The table below shows the value for each execution and the results of mean, median, and min:
Run # | median | mean | min | 1 | 2 | 3 | 4 | 5 | 6 | 7 | 8 | 9 | 10 | 11 | 12 | 13 | 14 | 15 | 16 | 17 | 18 | 19 | 20 |
---|---|---|---|---|---|---|---|---|---|---|---|---|---|---|---|---|---|---|---|---|---|---|---|
non-parallel stream | |||||||||||||||||||||||
findFirst | 79.5ms | 80.65ms | 13ms | 208ms | 77ms | 82ms | 162ms | 23ms | 85ms | 19ms | 5ms | 179ms | 59ms | 35ms | 83ms | 18ms | 86ms | 142ms | 37ms | 56ms | 119ms | 6ms | 132ms |
findAny | 33.5ms | 49.65ms | 5ms | 103ms | 80ms | 25ms | 127ms | 18ms | 5ms | 98ms | 5ms | 18ms | 188ms | 59ms | 58ms | 5ms | 22ms | 26ms | 6ms | 39ms | 44ms | 31ms | 36ms |
parallel stream | |||||||||||||||||||||||
findFirst | 22.5ms | 22.5ms | 5ms | 30ms | 26ms | 16ms | 30ms | 15ms | 20ms | 23ms | 21ms | 28ms | 28ms | 15ms | 22ms | 20ms | 18ms | 26ms | 13ms | 16ms | 30ms | 29ms | 24ms |
findAny | 17.5ms | 21.4ms | 5ms | 105ms | 8ms | 27ms | 13ms | 18ms | 29ms | 9ms | 30ms | 7ms | 14ms | 13ms | 19ms | 5ms | 23ms | 20ms | 7ms | 16ms | 17ms | 24ms | 24ms |
Which is faster findFirst or findAny?
Regarding findAny() vs. findFirst() and in Java Streams performance:
- Statistically, findAny() is faster than findFirst() in any scenario.

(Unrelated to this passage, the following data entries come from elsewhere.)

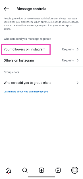 デフォルトでは、あなたがフォローしていない人からのメッセージは、リクエストフォルダーになります。これには、プラットフォーム上のフォロワーやその他のランダムアカウントが含まれます。プロファイル設定を使用すると、これらのユーザーからのメッセージを完全に制限できます。あなたが従う人(および相互のフォロワー)からのメッセージは、メインの受信トレイに直接着地します。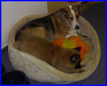 Hier bin ich schon 9 Wochen alt, habe gerade wieder einen neuen Kumpel kennen gelernt, und weil ich eine Nette bin, habe ich mein Körbchen mit ihm geteilt :-))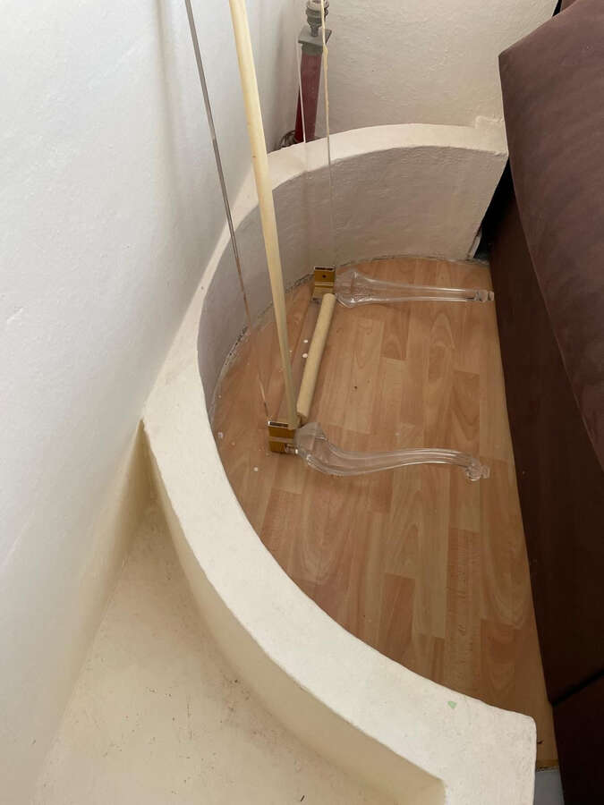 There is also the possibility of an internal connection to the upper apartment via a staircase (the opening is still visible in the living room), meaning that both levels can easily be combined back into one spacious home if desired.

Thus, if there's no requirement to get the first element of the stream, opt for the findAny() method.
- Opt for parallel streams for big datasets whenever possible since they are faster.
- Evaluate if the overhead time of parallel streams is worth using them. For small datasets, it might not.
3. Conclusion
In this post, we've investigated the differences between the findFirst() and findAny() methods to search for elements in streams.
findAny() returns any element in the stream, whereas findFirst() always picks the first.
If the requirement is to get any element from the stream, not precisely the first one, always choose the findAny() method since it's faster. Use parallel streams for big datasets whenever possible.